- Born: 2 July 1922 Handlová, Czechoslovakia
- Died: 13 March 2023 (aged 100) Prievidza, Slovakia
- Occupation: Miner
- Known for: Fighting in the Slovak National Uprising and being a political prisoner in communist Czechoslovakia

= Karol Mikuláš =

Slovak miner, partisan and political prisoner (1922–2023)

Karol Mikuláš (2 July 1922 – 13 March 2023) was a Slovak miner, partisan, and political prisoner. He participated in the 1940 Handlová miners strike against the Fascist regime of the World War II era Slovak Republic and later fought as a partisan in the Slovak National Uprising. In 1955 he was arrested and sentenced to hard labor in a uranium mine by the Communist regime of the Czechoslovak Socialist Republic. Shortly before his death, he received the Order of Ľudovít Štúr 1st class as a recognition of lifelong dedication to the values of democracy.

==Early life==
Mikuláš was born in July 1922 to a working-class family in the miner town of Handlová. His father, who was himself a miner, was strongly devoted to the ideals of social democracy. His family was strongly supportive of the young First Czechoslovak Republic because of the political persuasion of Mikuláš' father and also for allowing their children to receive education, which had previously not been accessible to working class children. As a pupil, young Mikuláš was highly impressed by the democratic ideals promoted by the Czech teacher Bláha, who came to Slovakia to teach underprivileged local children.
As an 18 year old, Mikuláš started working in a coal mine. Not satisfied with the life of a simple miner, he pursued further education in the Slovak capital of Bratislava, where he obtained a High School diploma and started working at the General Directorate of the Handlová mining company.

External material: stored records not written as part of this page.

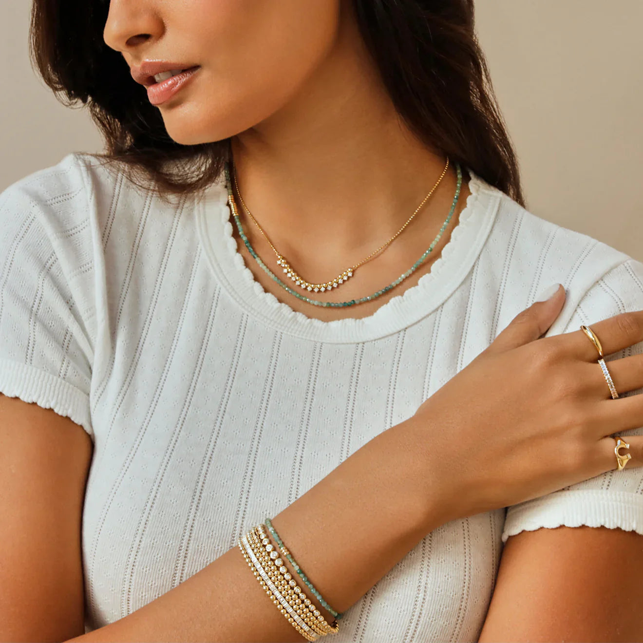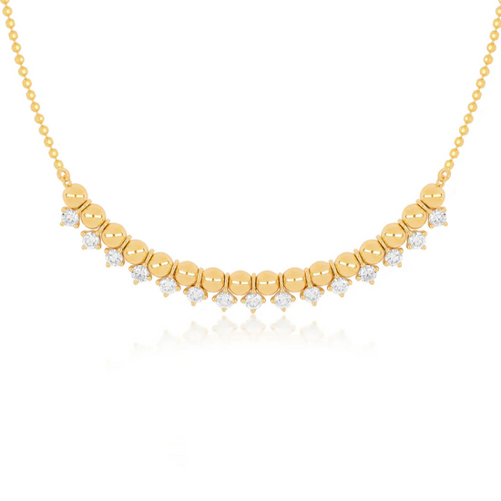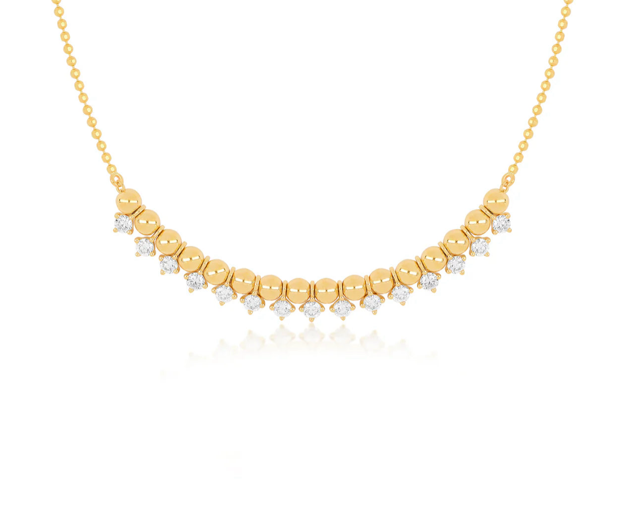 The Diamond & Gold Ball Necklace glistens with 16 gold balls and 15 diamonds resting in between each sphere. Designed to move with you, this necklace rounds out any layered look. Go ahead, have a ball.
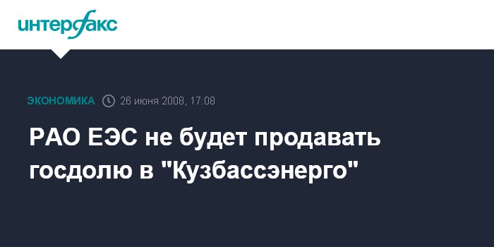 Москва. 26 июня. INTERFAX.RU - РАО "ЕЭС России" не будет продавать часть своего пакета в ОАО "Кузбассэнерго", приходящуюся на долю государства, в связи с отсутствием разрешения правительства РФ, сообщили "Интерфаксу" в энергохолдинге.
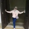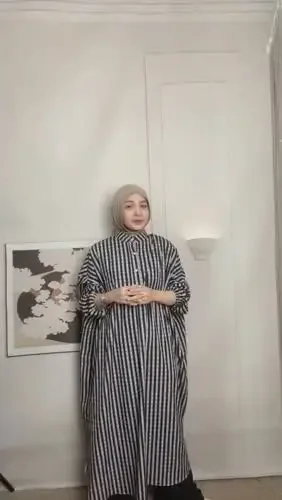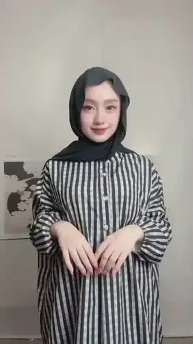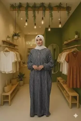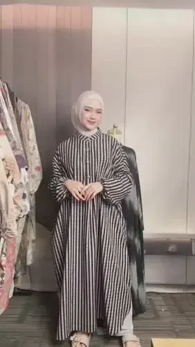 ASAYA Gamis wanita elegan motif garis kotak biru abu modern kekinian
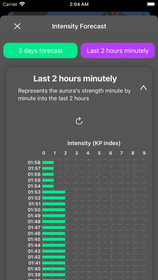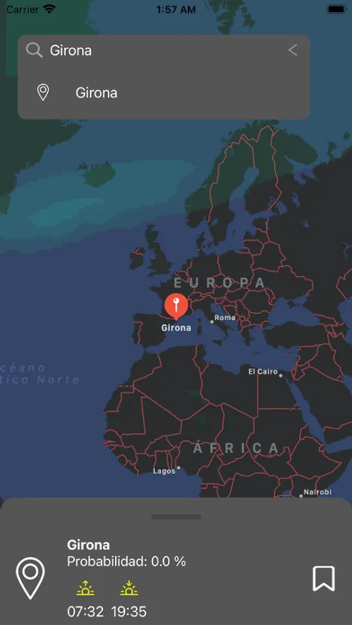 * Quickly see the current probability of seeing auroras in any place in the world.
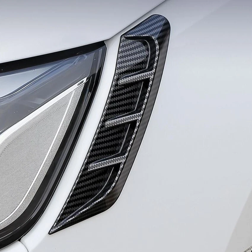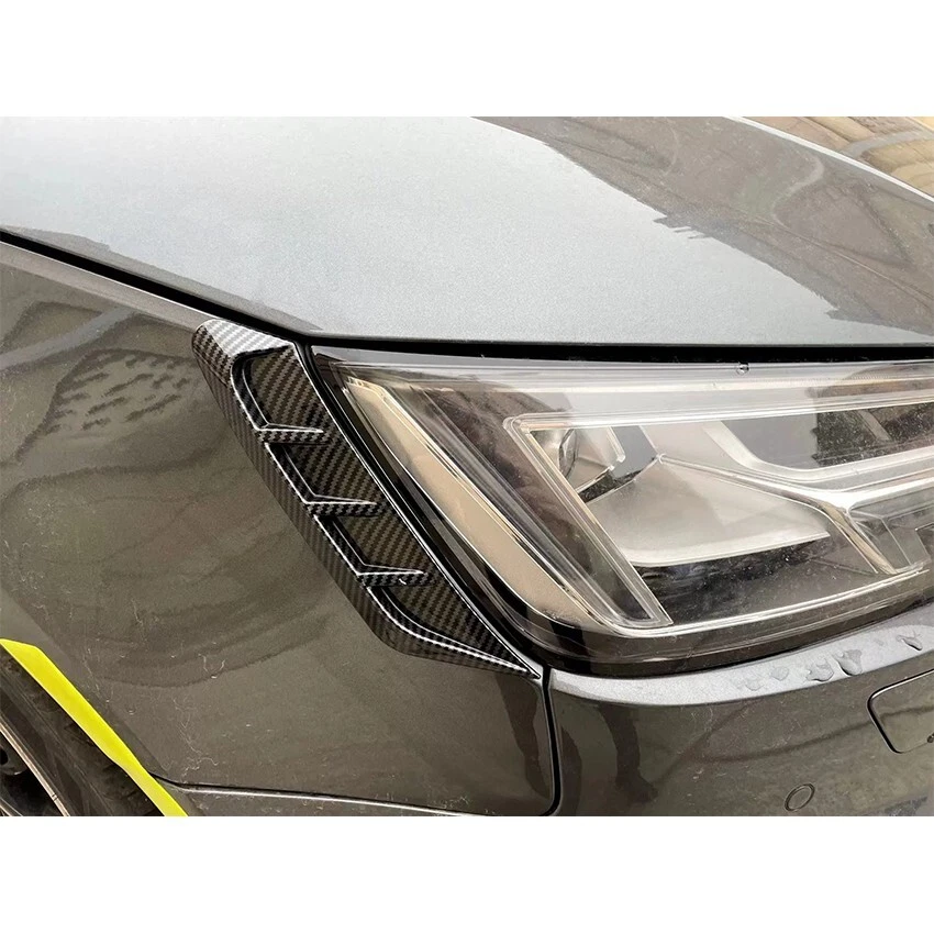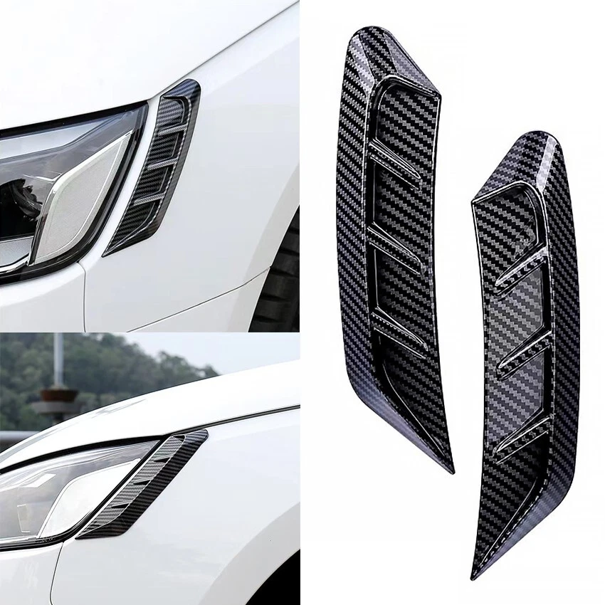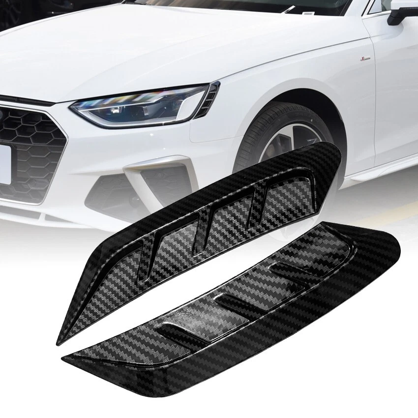 Color:Carbon fiber Black Material: Soft Carbon Fiber with rubber(not Hard Model ) Size: As picture Features: 1. One pair (left & right) of pre-cut front headlight carbon fiber side fender cover vent trim. 2. Rigorously tested to meet strict factory standards. 3. Guaranteed high quality. 4. Easy installation with adhesive tape. 5. No need to alter the original car structure; can be applied directly without drilling.

==1940 Miners' strike in Handlová==
In 1940 Mikuláš actively participated in a large-scale strike of Handlová miners, which was the largest strike that took place in the World War II Slovakia during its existence. The strike represented a major challenge to the fascist regime narrative of national unity. The regime eventually managed to end the strike by force.

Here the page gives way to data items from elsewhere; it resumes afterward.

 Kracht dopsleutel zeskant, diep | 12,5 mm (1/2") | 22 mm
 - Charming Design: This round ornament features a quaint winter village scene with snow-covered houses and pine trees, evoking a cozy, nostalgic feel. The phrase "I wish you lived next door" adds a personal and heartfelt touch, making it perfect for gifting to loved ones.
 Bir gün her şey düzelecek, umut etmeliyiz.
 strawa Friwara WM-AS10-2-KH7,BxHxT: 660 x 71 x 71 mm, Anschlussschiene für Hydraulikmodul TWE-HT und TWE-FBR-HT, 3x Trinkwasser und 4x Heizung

==Slovak National Uprising==
Mikuláš' involvement in the 1940 strike attracted the attention of the regime. An arrest order was issued for avoiding military service. Mikuláš fled to the Štós baths, where he had spent two weeks as a child when his father was undergoing regeneration after an injury. He worked at the baths in exchange for food and lodging.

When he learned about an increased partisan activity, he boarded a train at Margecany, attempting to reach his family before the fighting started. Nonetheless, he never made it home as his train was boarded by anti-fascist fighters in Poprad, who informed the passengers about the start of the uprising and invited male travelers to join the fight. Answering their call, Mikuláš joined the local partisan garrison and, following a military training, fought against the regime and its German allies. He participated in a major battle near Telgárt.

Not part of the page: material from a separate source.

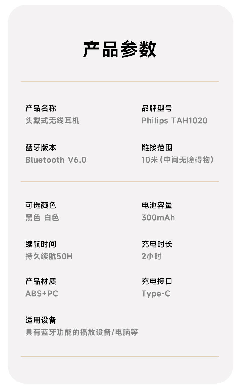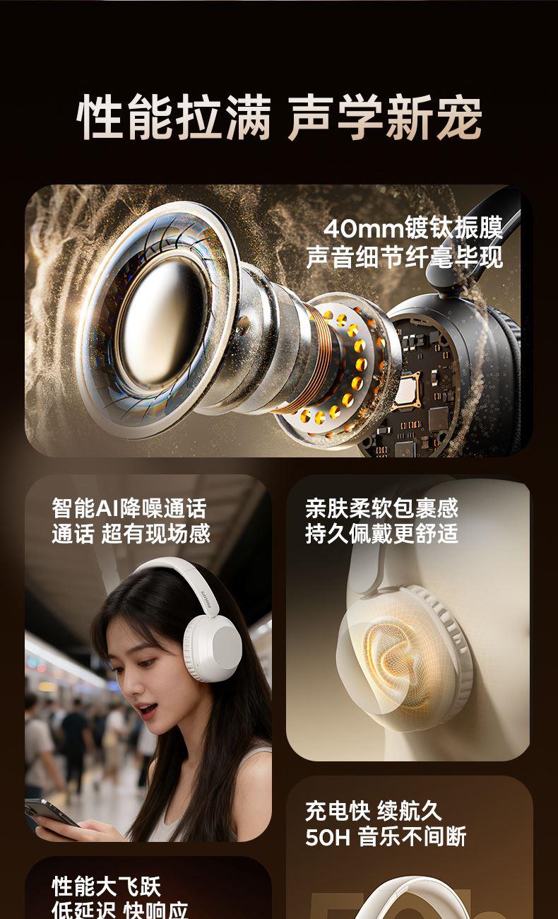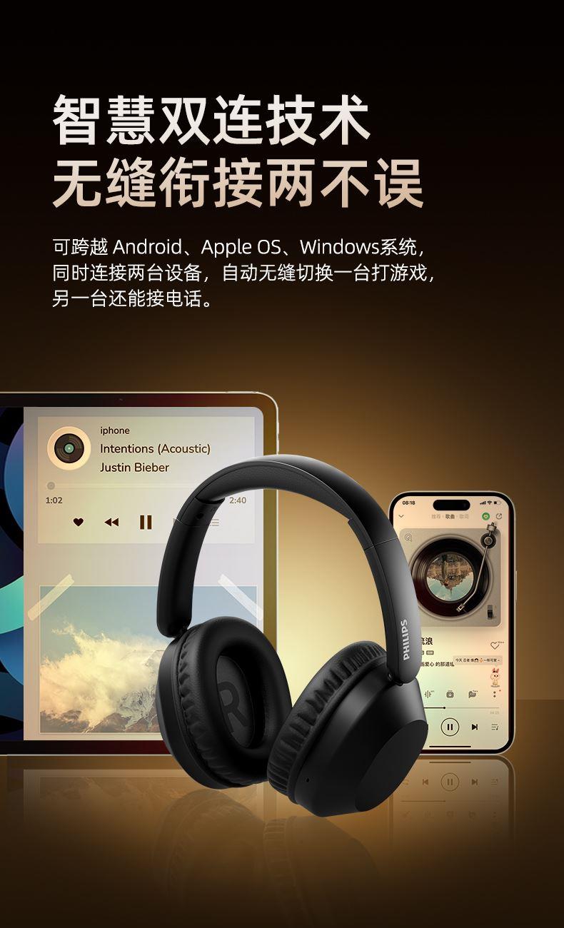 飞利浦头戴式降噪无线蓝牙耳机TAH1020

Upon returning home after the war, he discovered his father died in the Sachsenhausen concentration camp, where he was deported following his arrest by Gestapo due to his Social Democratic convictions.

===Persecution in the Communist Czechoslovakia===
Following the war, Mikuláš became the main breadwinner for his family. He returned to mining. In 1955 he was accused of sabotage, conspiracy against state and arson. The pretext for the accusations were Mikuláš' efforts to introduce technological innovations to ease the physical harshness of mining. He was sentenced by the court in Nitra to 4.5 years of hard labor in a uranium mine near Příbram.

==Life after retirement==
Mikuláš retired from mining in 1976. He spent the rest of his life in the Píly Housing Estate in the city of Prievidza, close to Handlová. Mikuláš and his wife were the first two inhabitants of the housing estate. Mikuláš was highly involved in its development, which he saw as integral to improving living conditions of miners as it was developed chiefly to provide adequate housing for the miners of the region.

During his retirement, Mikuláš devoted his days to tourism, going on long hikes well into his 90s. He resented what he saw as disproportionate blame being laid on miners for the climate change, arguing other human activities such as transpiration are also responsible for the harmful emissions. He argued the hard work and sacrifices made by miners should be remembered by the future generations.

On 13 January 2023, president Zuzana Čaputová awarded Mikuláš the Order of Ľudovít Štúr, 1st class. Mikuláš died in Prievidza on 13 March 2023, at the age of 100. His death was announced by the local miners' union. The public broadcaster Radio and Television of Slovakia commemorated the legacy of Mikuláš by airing a documentary about his life on 14 January.